Basically, this redounds to the ability of their political leadership to run their cities autonomously the way they see fit, limited only by the mandates of its citizenry and its laws. The Philippine political system is highly centralized with the decision-making process structured from top to bottom, with the locals not so much involved but simply assenting to the same.
Researching here in my "free library office," Reisterstown and most towns in America simply implement government subsidiarity and autonomy similar to what I have been advocating in my past columns.

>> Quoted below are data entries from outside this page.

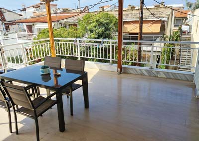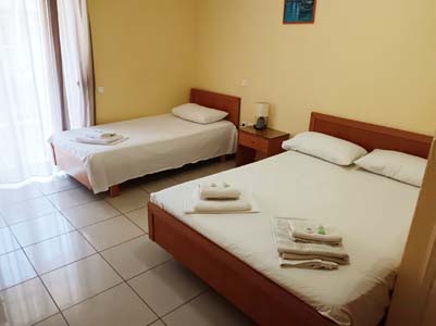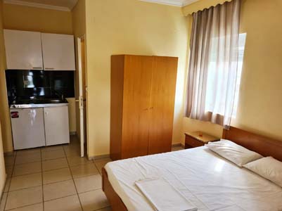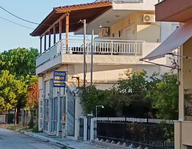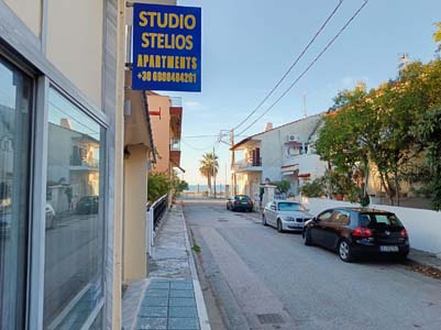 Vila Stelios je starijeg datuma i sastoji se od četvorokrevetnih apartmana na visokom prizemlju i studija na prvom spratu. Nalazi se u centru letovališta na oko 80 metara od mora. Dvokrevetni, trokrevetni i četvorokrevetni apartmani na visokom prizemlju sadrže kuhinju sa trpezarijskim stolom i jednim standardnim ležajem, spavaću sobu sa francuskim i standardnim  ležajem, kupatilo sa tuš kadom i veliku natkrivenu terasu sa garniturom za sedenje i pogledom na dvorište. Veličina apartmana je cca 25 kvm + terasa. Opremljen je sa wi – fi Internetom, TV-om, mrežom za komarce i klima uredjajem (uključen u cenu) u spavaćoj sobi. Četvorokrevetni studio na prvom spratu sadrži kuhinjski deo, francuski ležaj i dva standardna ležaja na sprat, kupatilo sa tuš kadom i veliku natkrivenu terasu sa garniturom za sedenje i bočnim pogledom na more. Veličina studija je cca 24 kvm + terasa. Opremljen je sa wi – fi Internetom, TV-om, mrežom za komarce i klima uredjajem (uključen u cenu). Ono što posebno izdvaja ovaj studio i čini ga izuzetno atraktivnim i interesantnim, je velika ugaona terasa (oko 15 kvadrata), sa prelepim bočnim pogledom na more. Vila Stelios je B kategorije, nema peškire, a parkiranje je moguće na ulici pored vile.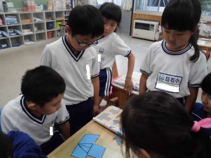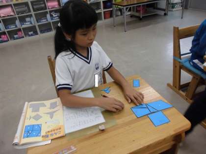 1時間目の今日は、三角や四角の形を組み合わせて、形作りをしました。
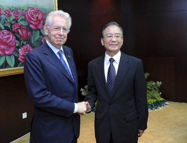 ??? 11月5日,國(guó)務(wù)院總理溫家寶在老撾首都萬(wàn)象會(huì)見(jiàn)出席第九屆亞歐首腦會(huì)議的意大利總理蒙蒂。 新華社記者張鐸攝

Simply put, the US system first localized their concept of democracy to the neighborhood level, making it easy for its citizens to make small decisions; a bottoms-up approach precipitating ideas and concerns elevating the same to the next higher level. In our case, from our barangay to the municipio, to the ciudad and probinsya. These processes allow better understanding of local issues unique to that community-producing solutions that are more responsive to their needs. We, Centrist Democrats (CD) call this principle "Pinatubo — not Pinatulo"!
Central to all these is the granting of taxation authorities and disbursements of the same with strict proper accountability. The whole concept needs a restructuring of our political system focusing not only on a leap of faith for our people's ability to govern themselves but to coat these with legal articulations.
Back in the Philippines, I don't see any of the presidential candidates outline these concepts, advocating the methods necessary to implement the same when elected. The CDs have been labeling these as subsidiarity and autonomy towards an eventual federal Philippines.
So simple yet not propounded by Bongbong, Leni, Isko, Manny and Ping.